Henryk Kowalczyk, zapytany o stan przyszłorocznego budżetu przyznał, że rosną wpływy budżetowe, a deficyt, dzięki środkom z banku centralnego, będzie niższy od zakładanego. – Finansowanie wydatków nie jest zagrożone. Obecnie brakuje ok. 5 mld zł na finansowanie programu 500+, ale je znajdziemy. Liczymy, że od 2018 r. w pełni zadziała uszczelnienie systemu podatkowego, m.in. dzięki centralnemu rejestrowi faktur VAT. To będzie tak naprawdę pierwszy rok, kiedy można będzie nas rozliczać z poprawy ściągalności, bo dopiero wówczas zadziałają wszystkie mechanizmy, których wprowadzenie zapowiadaliśmy. Poza tym liczymy, że przyspieszy wykorzystanie funduszy unijnych i wzrost PKB będzie wyższy niż obecnie – podkreślił Kowalczyk.
– W tym roku, czyli 2016, to jest rząd wielkości 17 miliardów, który jest zabezpieczony na program 500+ i z tego, jak wygląda to po czterech miesiącach, to jest absolutnie wystarczająca kwota – tłumaczył wiceminister.
Wiceminister Marczuk odniósł się też do wypowiedzi wiceprezydenta Warszawy, który obawiał się o zapewnienie pieniędzy na wypłaty świadczeń. – Ratusz niepotrzebnie podsyca niepokoje – stwierdził wiceminister. Przypomniał, że przed uruchomieniem programu pieniądze dzielono według danych, dotyczących zameldowania. Często nie pokrywają się one ze stanem faktycznym. Wyrównaniu różnic służy dwumiliardowa rezerwa.

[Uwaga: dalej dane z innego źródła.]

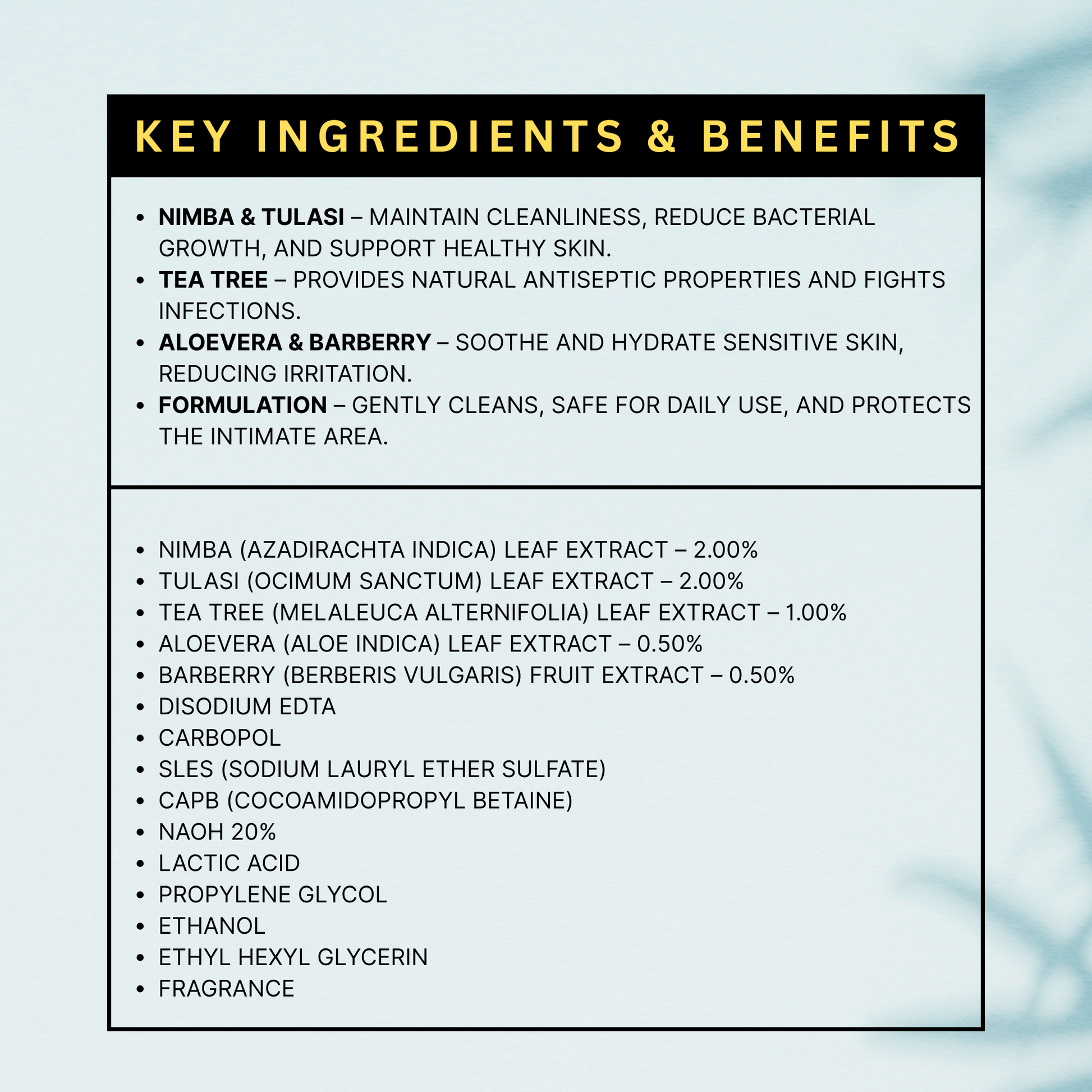 - Gentle intimate wash formulated for men to maintain freshness and balanced pH in the private area.

– Na realizacji programu zyskuje polska gospodarka – stwierdził wiceminister Marczuk. – Pieniądze przekazane rodzicom wracają na rynek. Zyskują także rodziny, mając mniejszy stres przed wydatkami, związanymi z początkiem roku szkolnego – tłumaczył.
Komentując wypowiedź ministra Kowalczyka wiceminister Marczuk przypomniał, że program „Rodzina 500 plus” w przyszłym roku jesteśmy w stanie sfinansować w większej części z samych wpływów podatkowych. – 500+ nie jest na kredyt. Zagospodarowuje środki ze wzrostu gospodarczego na politykę na rzecz rodzin – powiedział wiceminister.